**WHAT THE TASK ASKS**
From the records below, transcribe exactly the lines that begin at the line with "Ford Recommended Steel" and end at the line with "Żółty szlak na", both included.

**DATA RECORDS**
=======
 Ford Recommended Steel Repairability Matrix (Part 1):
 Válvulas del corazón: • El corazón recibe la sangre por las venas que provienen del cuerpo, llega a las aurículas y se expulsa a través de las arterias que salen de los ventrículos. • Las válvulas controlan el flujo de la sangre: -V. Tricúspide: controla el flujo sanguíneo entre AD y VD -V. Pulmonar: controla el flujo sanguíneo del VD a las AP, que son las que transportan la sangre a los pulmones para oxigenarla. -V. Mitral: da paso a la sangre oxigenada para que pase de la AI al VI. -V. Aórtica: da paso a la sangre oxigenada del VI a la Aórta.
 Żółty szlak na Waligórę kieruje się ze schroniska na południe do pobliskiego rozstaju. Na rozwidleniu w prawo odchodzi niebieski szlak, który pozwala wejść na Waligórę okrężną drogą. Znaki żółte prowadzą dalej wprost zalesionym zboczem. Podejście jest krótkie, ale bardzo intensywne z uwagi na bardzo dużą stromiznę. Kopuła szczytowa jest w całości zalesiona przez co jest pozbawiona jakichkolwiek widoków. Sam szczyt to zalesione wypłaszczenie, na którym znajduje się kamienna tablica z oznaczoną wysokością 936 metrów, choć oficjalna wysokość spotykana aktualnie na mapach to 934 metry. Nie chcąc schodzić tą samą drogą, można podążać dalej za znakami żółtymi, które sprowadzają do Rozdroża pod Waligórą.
=======
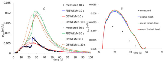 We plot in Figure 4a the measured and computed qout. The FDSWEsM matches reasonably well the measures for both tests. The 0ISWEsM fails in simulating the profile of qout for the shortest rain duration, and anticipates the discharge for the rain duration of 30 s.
=======
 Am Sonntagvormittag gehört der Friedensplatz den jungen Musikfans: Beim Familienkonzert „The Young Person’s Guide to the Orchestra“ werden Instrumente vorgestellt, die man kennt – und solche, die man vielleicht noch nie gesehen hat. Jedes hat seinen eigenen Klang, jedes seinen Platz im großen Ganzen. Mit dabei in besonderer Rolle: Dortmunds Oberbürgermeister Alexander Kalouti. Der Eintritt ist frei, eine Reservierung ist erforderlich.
=======
**REPLY**
 Ford Recommended Steel Repairability Matrix (Part 1):
 Válvulas del corazón: • El corazón recibe la sangre por las venas que provienen del cuerpo, llega a las aurículas y se expulsa a través de las arterias que salen de los ventrículos. • Las válvulas controlan el flujo de la sangre: -V. Tricúspide: controla el flujo sanguíneo entre AD y VD -V. Pulmonar: controla el flujo sanguíneo del VD a las AP, que son las que transportan la sangre a los pulmones para oxigenarla. -V. Mitral: da paso a la sangre oxigenada para que pase de la AI al VI. -V. Aórtica: da paso a la sangre oxigenada del VI a la Aórta.
 Żółty szlak na Waligórę kieruje się ze schroniska na południe do pobliskiego rozstaju. Na rozwidleniu w prawo odchodzi niebieski szlak, który pozwala wejść na Waligórę okrężną drogą. Znaki żółte prowadzą dalej wprost zalesionym zboczem. Podejście jest krótkie, ale bardzo intensywne z uwagi na bardzo dużą stromiznę. Kopuła szczytowa jest w całości zalesiona przez co jest pozbawiona jakichkolwiek widoków. Sam szczyt to zalesione wypłaszczenie, na którym znajduje się kamienna tablica z oznaczoną wysokością 936 metrów, choć oficjalna wysokość spotykana aktualnie na mapach to 934 metry. Nie chcąc schodzić tą samą drogą, można podążać dalej za znakami żółtymi, które sprowadzają do Rozdroża pod Waligórą.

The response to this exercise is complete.